Having begun his career as a humble hat-maker, Wilson taught himself
enough about finance and economics as the years passed, and eventually rose to
the position of finance member in Viceroy Lord Canning’s Council in undivided
India. He was also a member of the British Parliament, besides being Finance
Secretary to the UK Treasury and Vice-President of the Board of Trade.
Wilson first arrived in India in 1859, at a time when the British
government here was hard beset by Financial stress in the wake of what the
British called the Sepoy Mutiny and Indians their first War of Independence.
Increased military expenditure had drained the government’s resources, leaving
with huge debts. Wilson, with his deep knowledge of how the market worked, was
seen as the man who could salvage the situation.

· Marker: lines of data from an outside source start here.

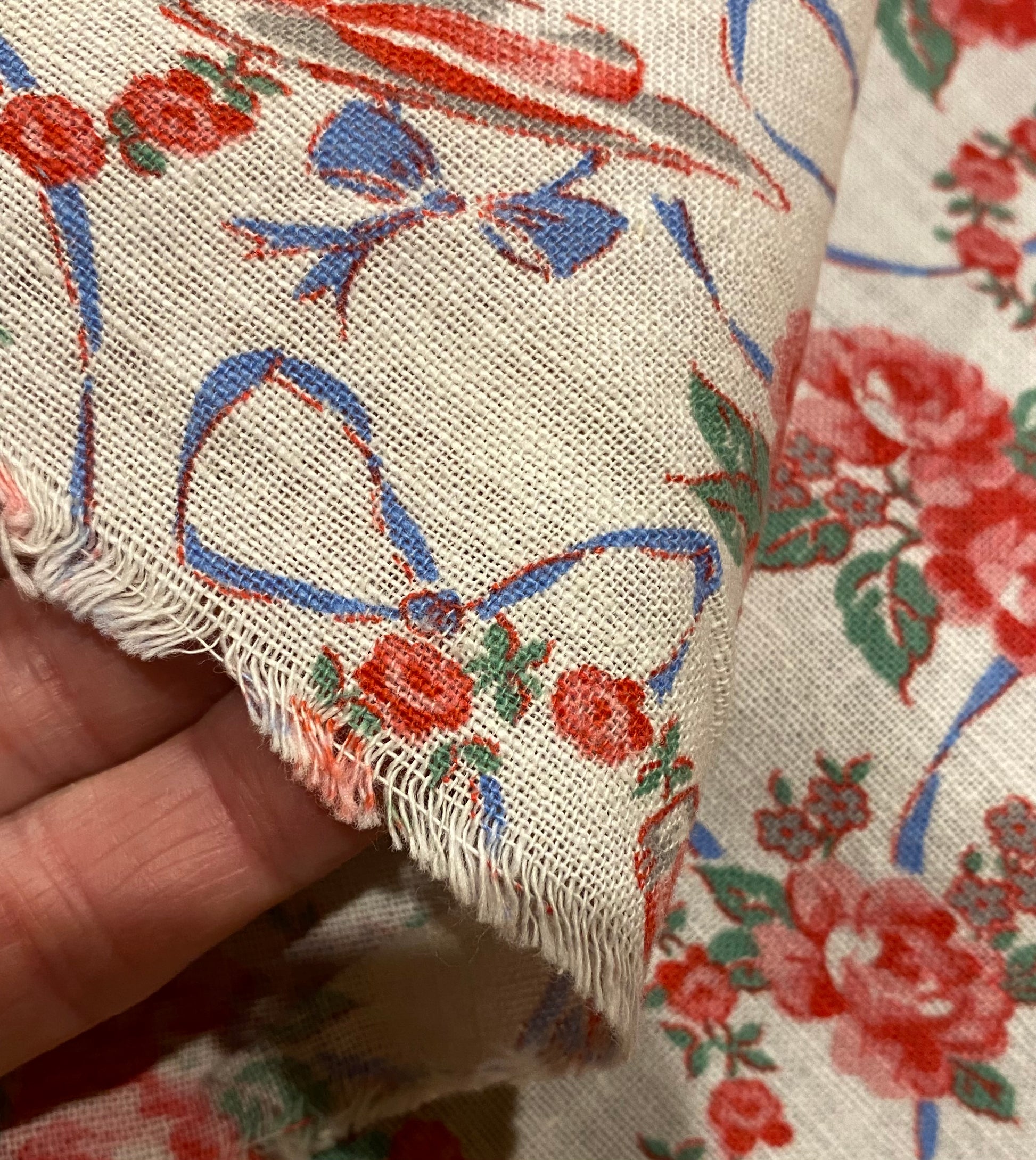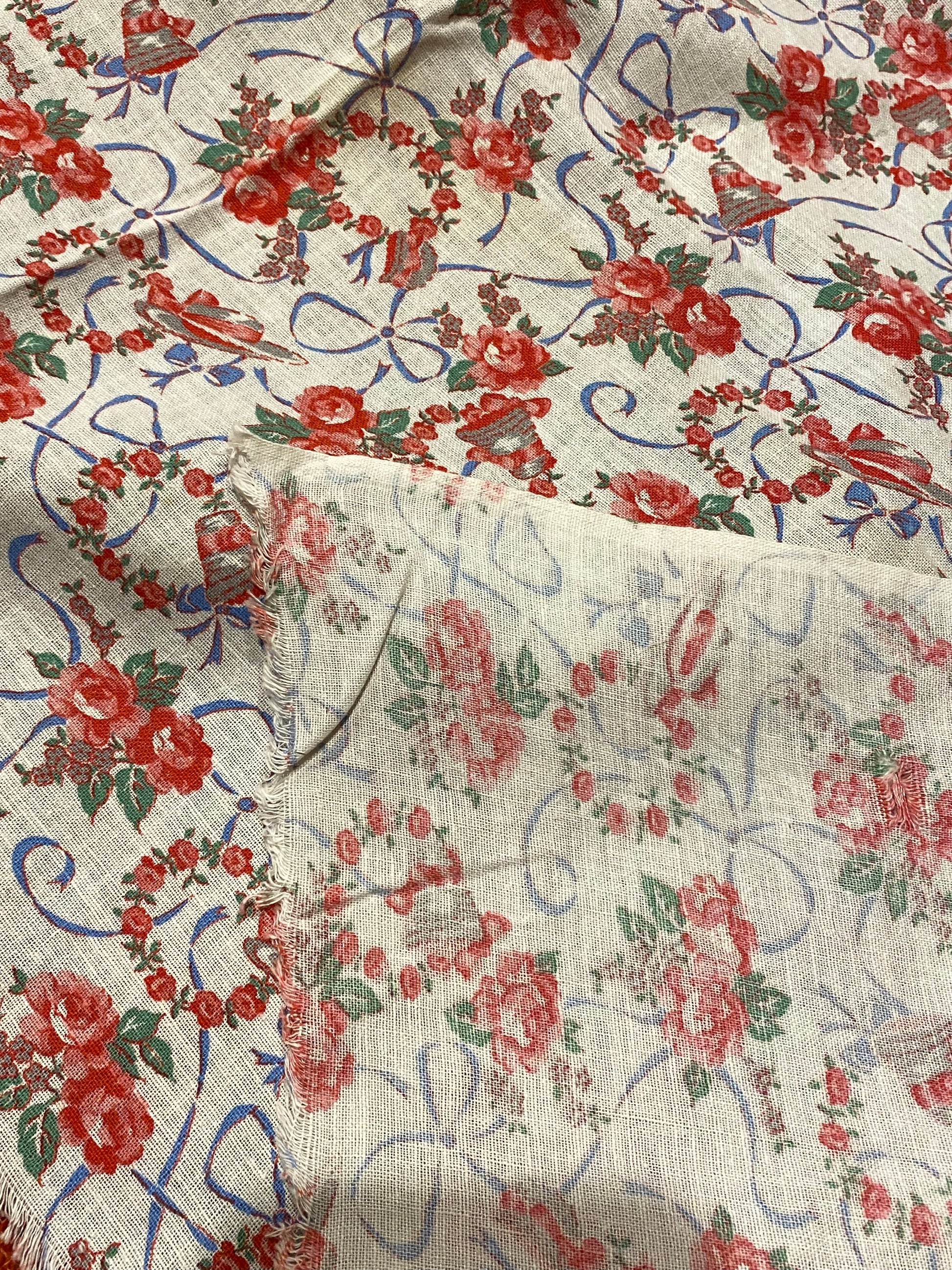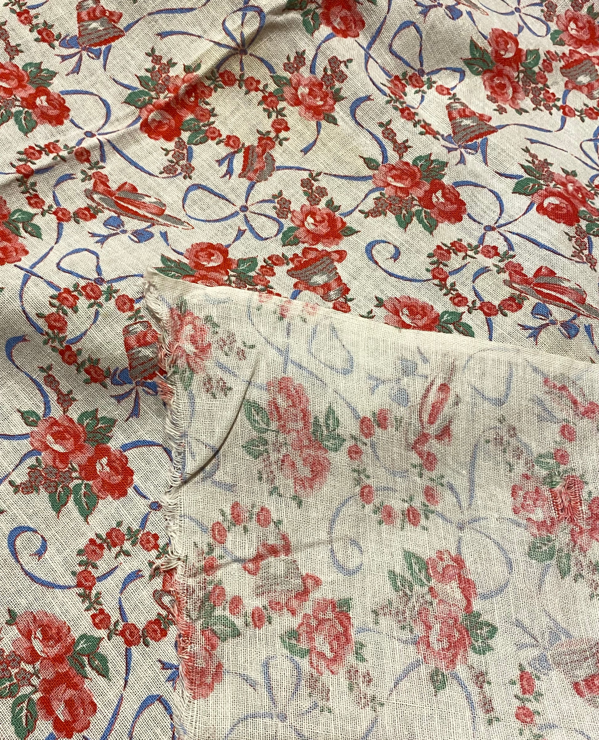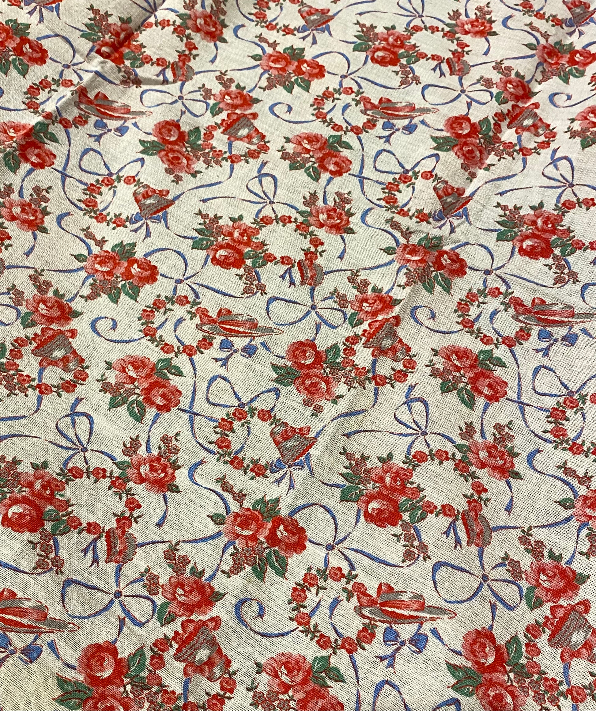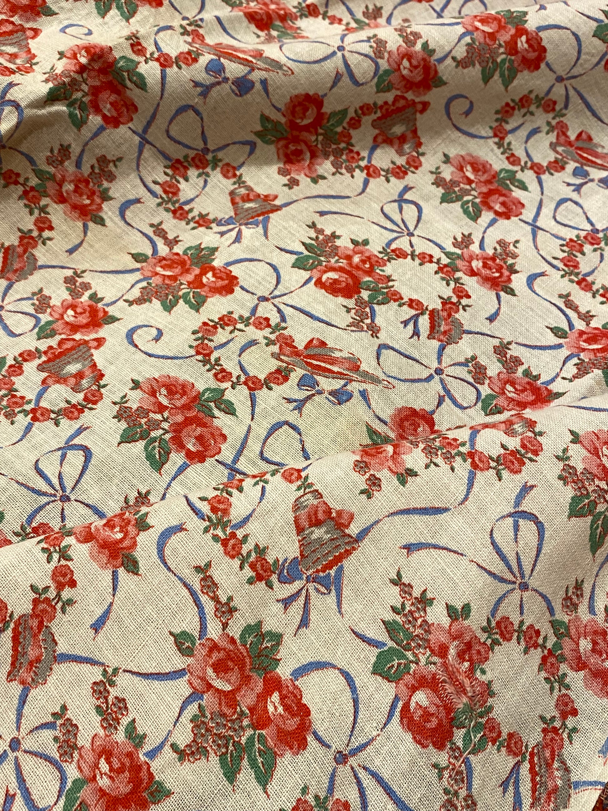 This is a great novelty small patterned feedsack of reds and blues florals, roses and bells.
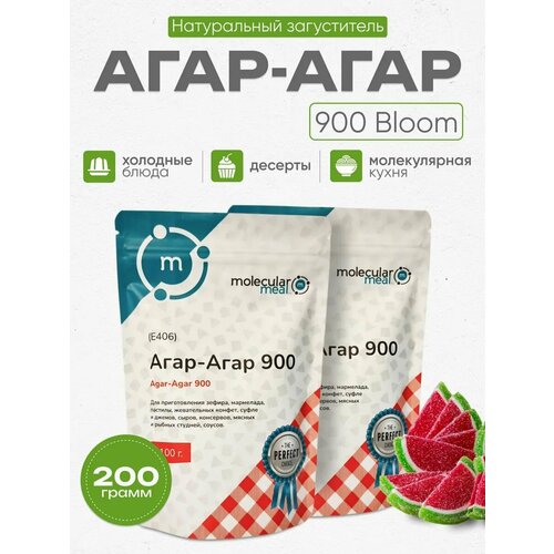 Агар агар 900 bloom 200 г, натуральный пищевой загуститель для выпечки, десертов, варенья, кондитерских изделий (зефир мармелад желе) пакет
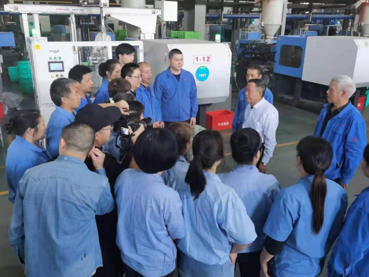 4月29日上午,在路橋三友控股集團有限公司車間里,全國勞模、集團公司董事長張小赧、浙江省勞模、集團公司副董事長蔣傳良、臺州市勞模、集團公司日用品事業部包裝主管陳輝為企業職工開展黨史宣講。
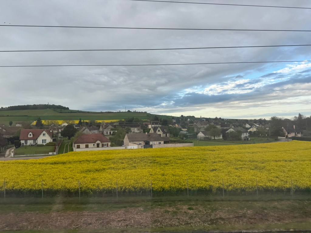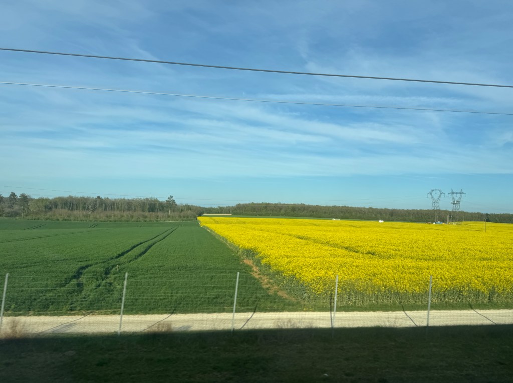 Our second train ride was on the famous TGV. Well, famous to me at least (I remember talking about this train in my high school French classes). This high speed train was going to take us twice as far in the same amount of time, and we were got to ride on the second level. We made our way out of Switzerland, through Liechtenstein, and finally into France. We were greeted by fields and fields of stunning bright yellow that turned out to be the plant used for canola oil.
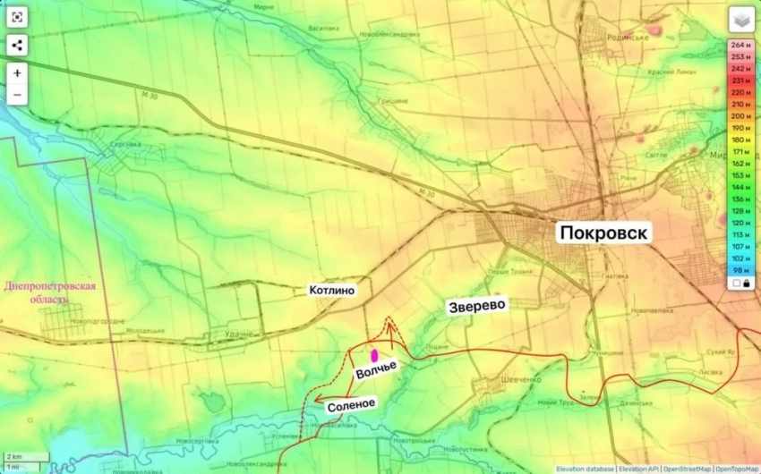 На левом фланге (южнее и западнее города) наши штурмовики освободили два села - Соленое и Волчье. По информации военного эксперта Юрия Подоляки, здесь формируется удобный плацдарм для выхода на село Котлино (до которого осталось всего два километра), а после возможен прорыв к укрепрайону в селе Зверево с тыла. Это ближайшая перспектива (возможно именно сейчас это всё и происходит). В дальнейшей перспективе - охват всей Покровской агломерации с запада.
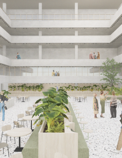 Bij het ontwikkelen van een passende herbestemming voor de Stadsschouwburg onderzocht ik hoe de architectuur en inrichting van het gebouw kunnen bijdragen aan het welzijn en de culturele ervaring van de bezoekers. De voorziening van diverse toegankelijke functies, zoals een horecazaak, een boekenwinkel en een bibliotheek, dragen bij aan de levendigheid van het gebouw en trekken een breder publiek. Door transparante en uitnodigende ingangen te creëren, wordt de verbinding tussen de Stadsschouwburg en de openbare ruimte versterkt, waardoor een open en dynamische ontmoetingsplek ontstaat.

He introduced for the first time in India a financial budget framed upon
the English model – inspired the public mind with fresh confidence – brought
together with the threads of finance which had been broken and scattered by a
military and political convulsion – stimulated the operations of the Military
Finance Commission to review the numerous branches of civil expenditure –
reviewed the existing system of audit and account – besides discharging the
multifarious duties developing on a Finance minister and a member of the
general government.
James Wilson was also the man behind the introduction of the income tax
act – a hated move that gave rise to a huge controversy. While he gave India an
invaluable financial governance tool by way of his budget, his income tax act
deeply dismayed businesses as well as zamindars, the landed class. His argument
was that because the British government provided Indians with a safe environment for
trade, they were justified in charging a fee in the form of an income tax. It, however, cut little ice. Aversion to pay income tax in India has persisted to
this day.
Wilson was a liberal and strong proponent of the policy of
laissez-faire. His magazine, The Economist was doubtful about imperialism – it
argued in 1862 that colonies would be just as valuable to us if they were
independent. It, however, did believe in the idea of the white’s man burden
basically the essence of colonialism saying that “uncivilized races” were owed
“guidance, guardianship and teaching”.
A 2016 article by two Canadian researchers
analyzed the Economist’s writings on India from 1843 till the 1860s. It argued:
“Despite the adherence of the paper to the ideas of laissez-faire nineteenth-century liberal ideas of political economy, it's writing on India – and the political career of its founder and editor, James Wilson – demonstrate a ready
embrace of an empire, government intervention in the economy, and increased
taxation. The article suggests this difference can be explained by the
expression of colonial difference and attitudes to race.